# Dask

Parallel processing for Numpy Arrays and Pandas DataFrames

http://dask.pydata.org/en/latest/

Interesting example and use-case:

http://matthewrocklin.com/blog/work/2018/02/09/credit-models-with-dask

## Creating Dask Cluster

In [1]:
import dask
import dask.distributed
import dask.dataframe
import pandas as pd
from glob import glob

In [5]:
client = dask.distributed.Client() #starts Dask client
client

0,1
Client  Scheduler: tcp://127.0.0.1:39022  Dashboard: http://127.0.0.1:8787/status,Cluster  Workers: 4  Cores: 4  Memory: 10.28 GB


In principle Dask runs also without it, but it seems to be less efficient (?) and more difficult to monitor

## Dask DataFrame

__ToDo: refactor, use actual example data__

The following example imports a large amount of data (from multiple zipped csv files) into a Dask dataframe, does some analysis and aggregation and returns a Pandas dataframe.

Example data:

http://www.nyc.gov/html/tlc/html/about/trip_record_data.shtml

In [None]:
df=dask.dataframe.read_csv(file_pattern,delimiter=',',decimal='.') #dask csv reader, 
# works on wildcards (e.g. *), but not on zip files
agg=df.groupby(['date']).agg({'passenger_count':'sum', 'trip_distance':'sum',
                              'tip_fraction':'mean'}) #groupby analogue to Pandas synthax
agg_df=agg.compute() #creates Pandas DataFrame from Dask DataFrame and does the actual computing
agg_df.head()

The execution progress and parallelism efficiency can be monitored in the web-gui of the Dask client:

http://localhost:8787/status

If something went wrong: kill all python tasks (Windows):

tasklist
taskkill /IM pythonw.exe /F

In contrast to Pandas, Dask DataFrames cannot be directly created from zipped csv files. The following code snippet uses Pandas to import zipped files on Dask grid via Dask Delayed.

In [None]:
file_pattern = u'C:/Users/d90394/Documents/test_data/*.csv'
files=glob(path)

dfs=[dask.delayed(pandas.read_csv)(filename,delimiter=',',decimal='.')
     for filename in files]
df=dask.dataframe.from_delayed(dfs)

Note that the import of a single zipped csv file is not distributed, thus the memory of each worker must be sufficient to contain the Pandas DataFrame for each input file.

## Dask Delayed

__ToDo: working, but not nice enough - needs refactoring__

Dask Delayed is used to submit functions with defined input and output to the calculators. An example is given here:

dask_delayed_example.py

Note that the compute() statement is only executed for the result(s), the dependencies are handled automatically by Dask.

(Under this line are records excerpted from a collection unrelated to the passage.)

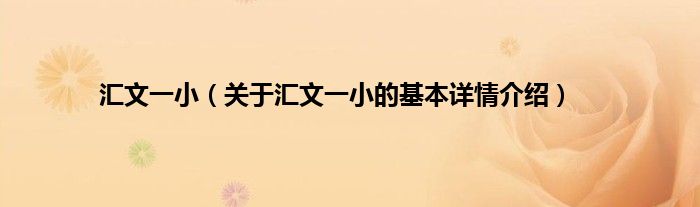 本文关于汇文一小的基本详情介绍就讲解完毕,希望对大家有所帮助。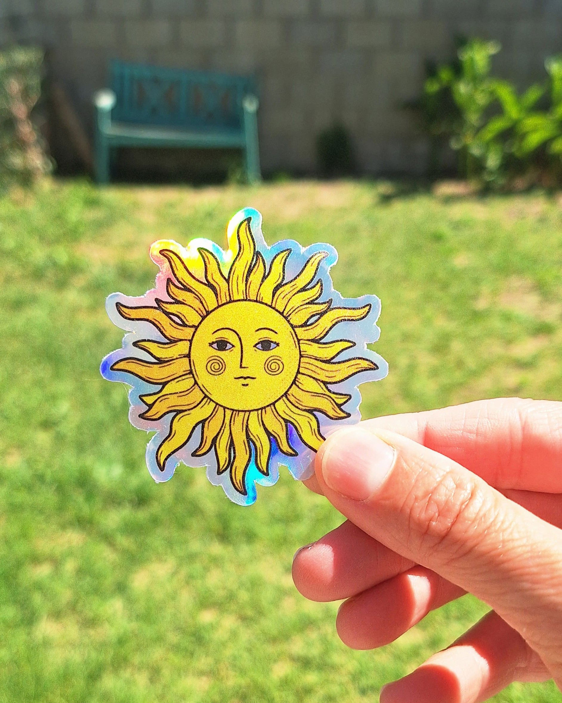 Sticker holográfico que logran un hermoso efecto arcoiris, realizado en vinilo de alta calidad, resistente al agua.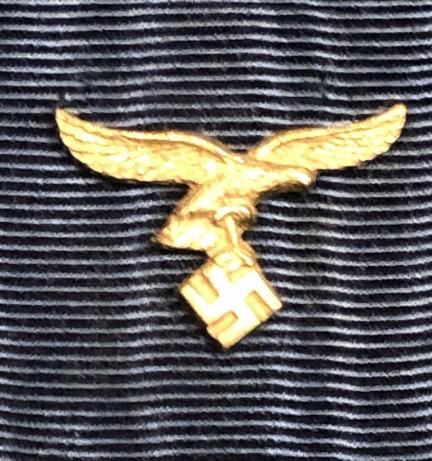Wehrmacht 4 year loyal service medal with a Luftwaffe emblem attached to the watered silk ribbon indicating issue to the Luftwaffe .Good bright condition with minor wear to highpoint of the silvered finish.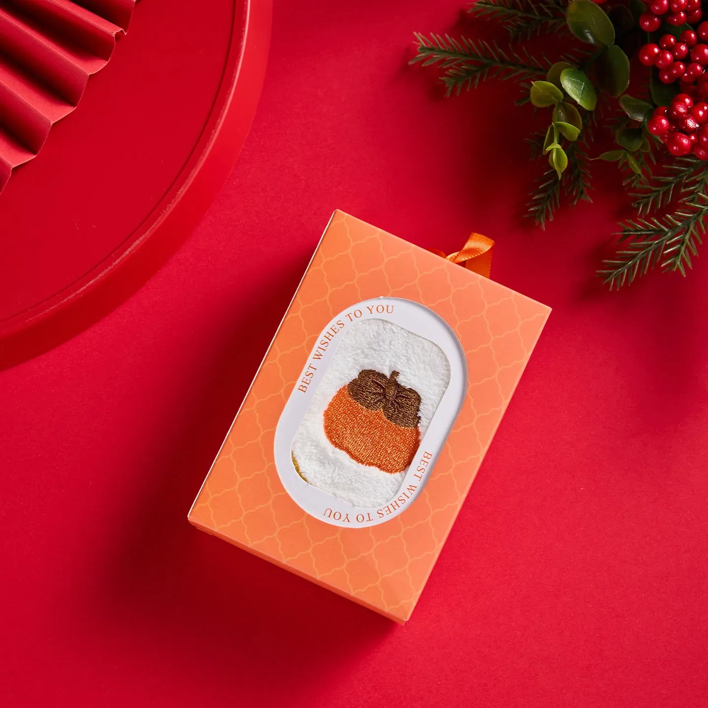 暖かい柿軽ふわコーラルフリース刺繍ハンドタオル(30*30cm)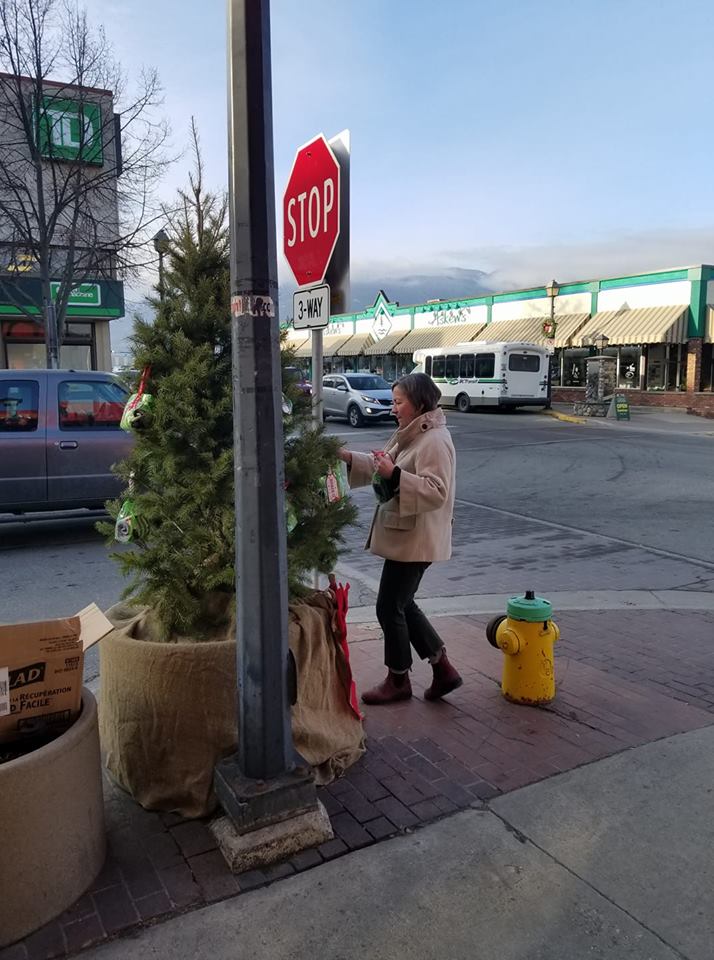 Every year businesses in downtown Salmon Arm decorate Christmas trees outside of their offices but one woman has taken the idea and created what she calls a “mini act of kindness”.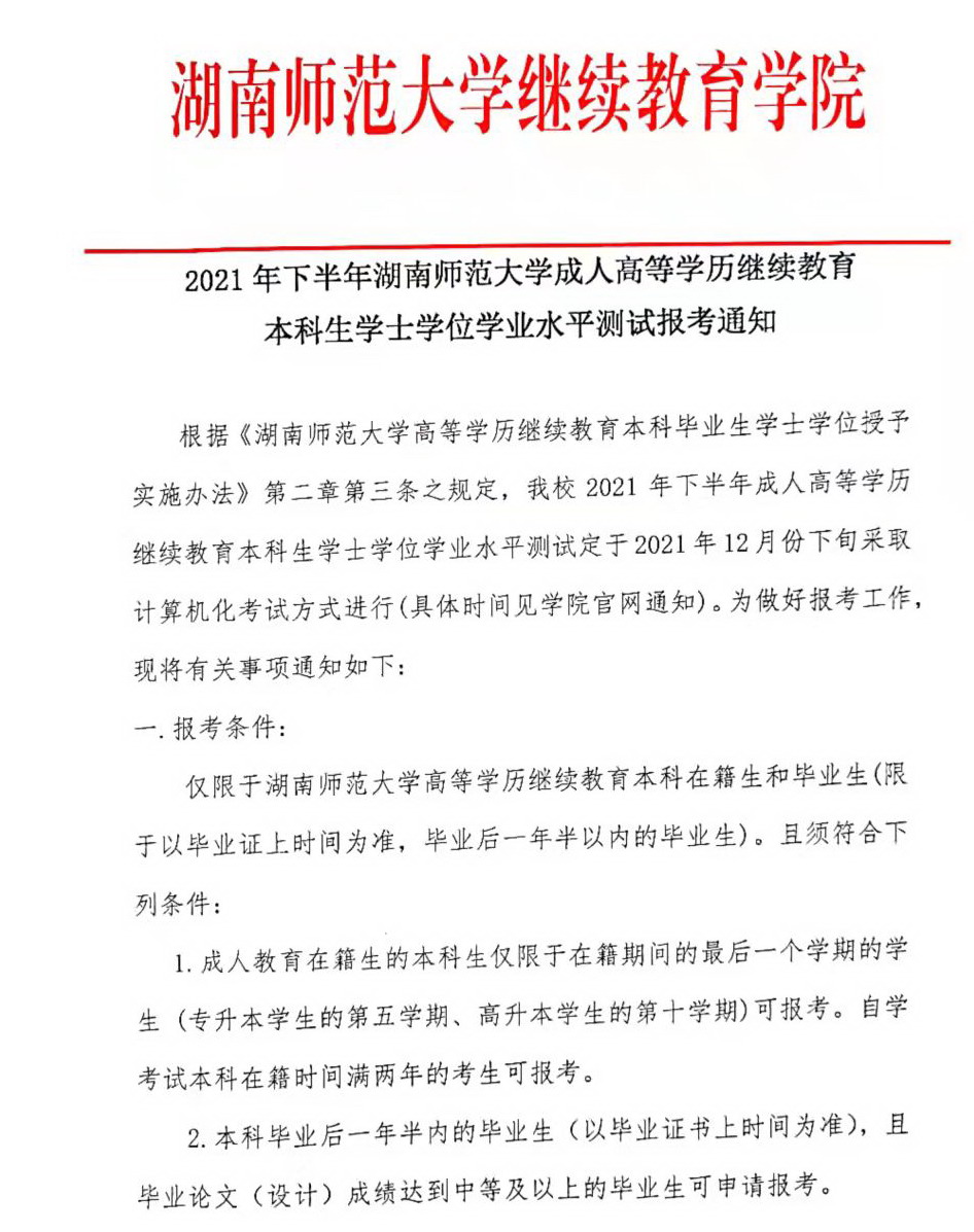 2021年下半年太阳成集团tyc成人高等学历继续教育本科生学士学位学业水平测试报考通知
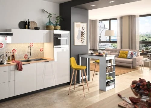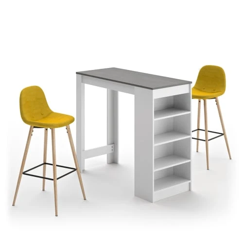 Animez votre intérieur avec cette table-bar ou îlot central et ses chaises hautes tapissées conçues pour vos moments de partage, en famille ou entre amis.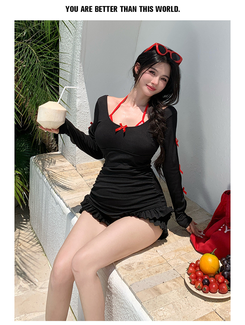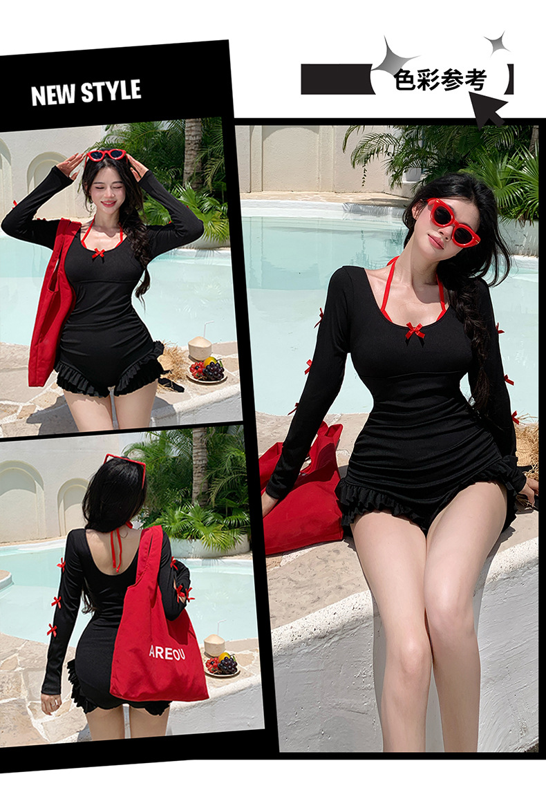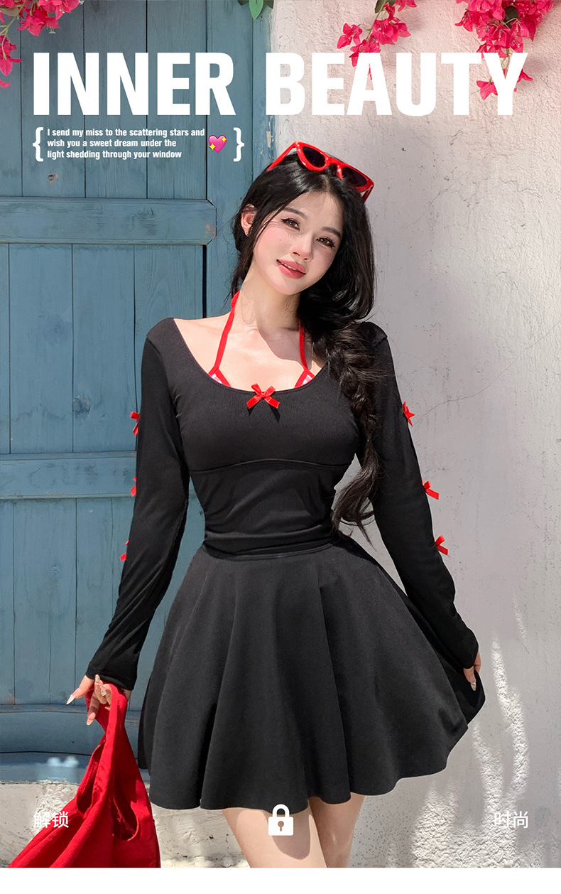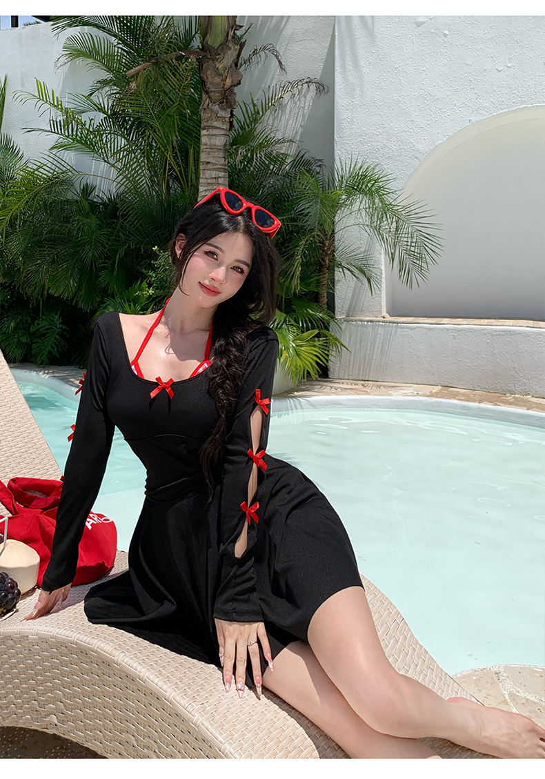 2025 새로운 대형 수영복 여성 원피스 삼각 스커트 투피스 백리스 슬리밍 하이 엔드 온천 수영복스토어 가기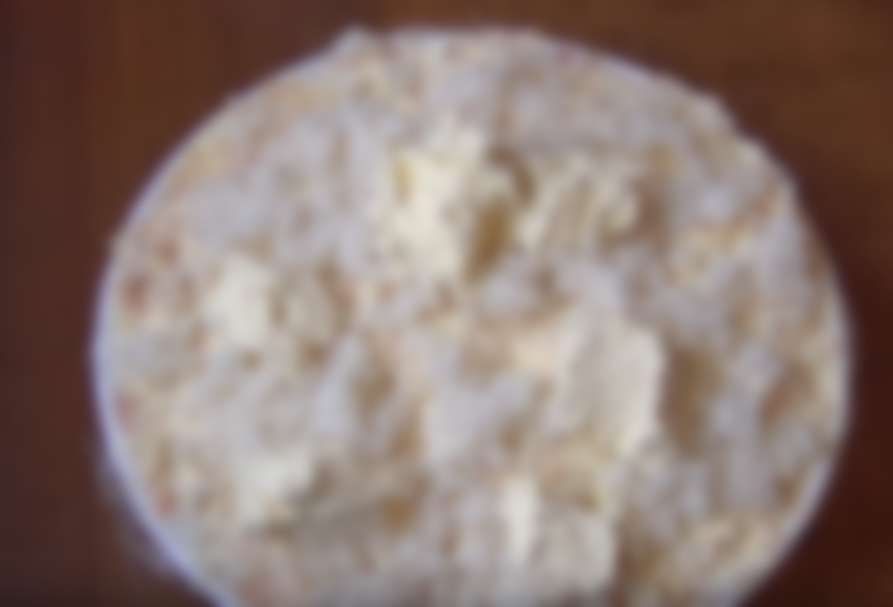 - Все остальные ингредиенты мы выкладываем слоями, промазывая каждый сливочным кремом. Компоненты выкладываем в таком порядке: 127 грамм отваренного риса, тёртый яичный желток, половина измельченных креветок, тёртый яичный белок, вторая половина измельченных креветок, 127 грамм отваренного риса.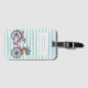 Etiqueta personalizada linda y femenina del equipaje con las rayas azules en colores pastel de la acuarela y bicicleta con la cesta de la flor.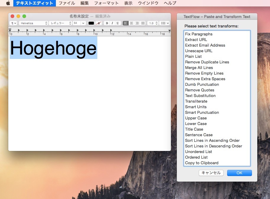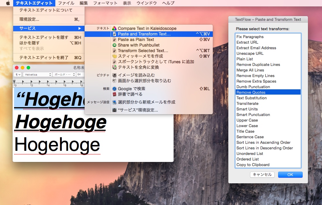 後はテキストを選択しサービスメニューかショートカットキーでTextFlowのサービスを選択すればテキストスタイルの削除や付加が出来ます。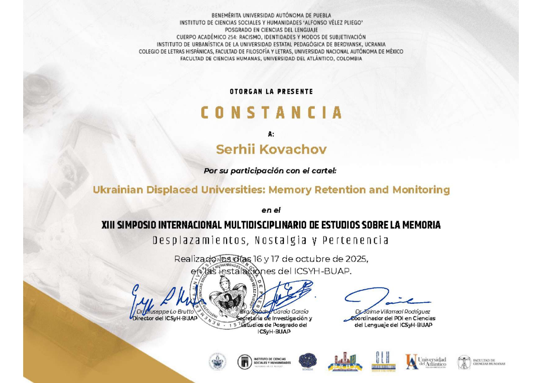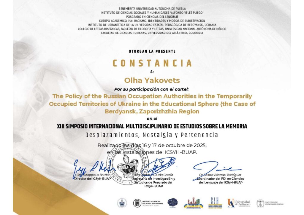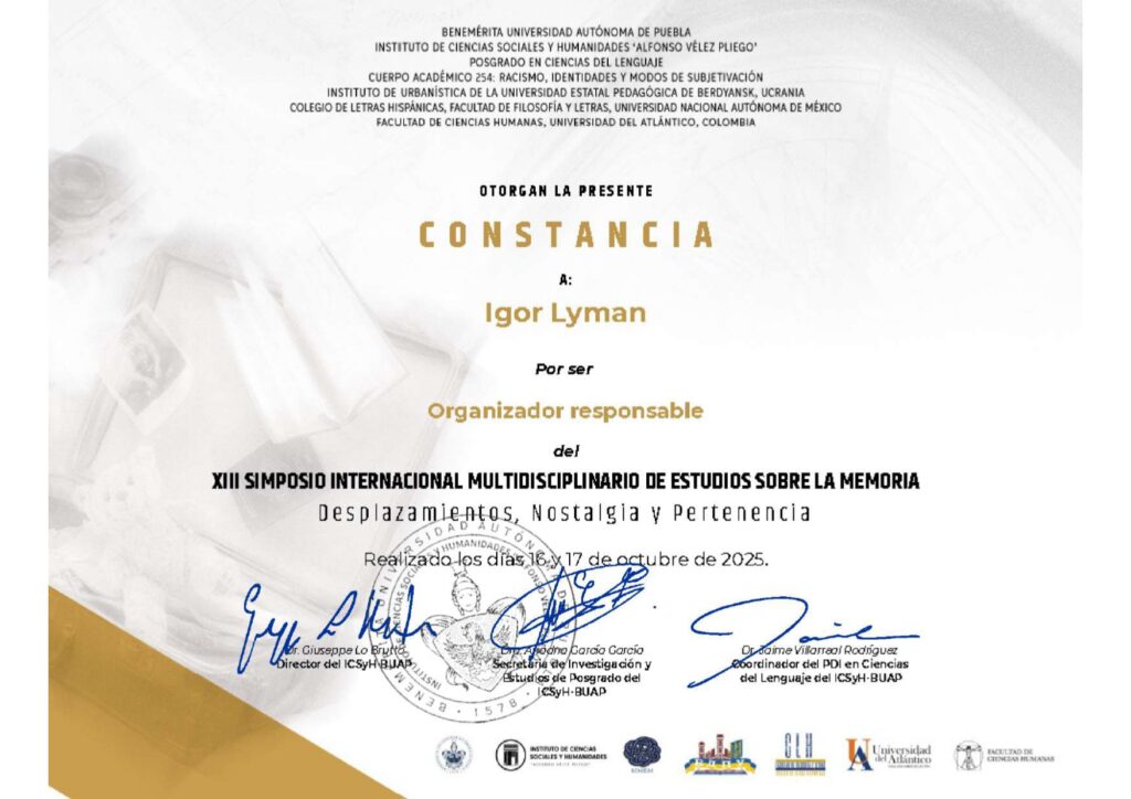 Цього року Інститут соціальних і гуманітарних наук “Альфонсо Велес Плієго” Заслуженого Автономного Університету Пуебла і Науково-дослідний інститут історичної урбаністики Бердянського державного педагогічного університету вже втринадцяте виступили співорганізаторами Міжнародного Симпозіуму з Мультидисциплінарного Вивчення Пам’яті (SIMEM ХІІІ), який відбувся у Мексиці.

If not a single function but a class is intended to be submitted, a helper function can be used. If the helper function is defined inside a class, it should be static (i.e. without referring to self).

In [6]:
import numpy as np
from time import clock

In [9]:
class A: #class which does the calculation, to be parallelized
    def __init__(self, p1,x1):
        self.p1=p1
        self.x1=x1
    def doCalc(self,p2,x2):
        return np.dot(self.p1+self.x1,p2+x2)

# ToDo: working, but not nice enough - needs refactoring
class B: #class which calls the calculation
    def mainProg(self):
        p1=np.array(range(10000000))
        p2=p1**2
        p1s=client.scatter(p1) #distribute large data, which is required for all calculations, ahead to the calculators
        p2s=client.scatter(p2)
        self.result=[]
        for x1 in range(100):
            x2=x1**2
            self.result.append(dask.delayed(self.calcHelper)(p1s,p2s,x1,x2))
        result_tot=dask.delayed(np.sum)(self.result)
        return result_tot.compute()

    @staticmethod
    def calcHelper(p1,p2,x1,x2): #helper function defined as staticmethod
        a=A(p1,x1)
        return a.doCalc(p2,x2)

In [10]:
# ToDo: refactor
start_time=clock()
b=B()
print(b.mainProg())
elapsed_time=clock()-start_time
print(elapsed_time)

  """Entry point for launching an IPython kernel.


2201258113697798912
6.076910000000002


  after removing the cwd from sys.path.


In the example above, the command xs=client.scatter(x) is used to distribute large data effectively to the calculators.

If there are issues with multiprocessing, the client can be restricted to multithreading (which is usually slower) using

client=dask.distributed.Client(processes=False, threads_per_worker=4)

## Cleanup

In [4]:
client.close()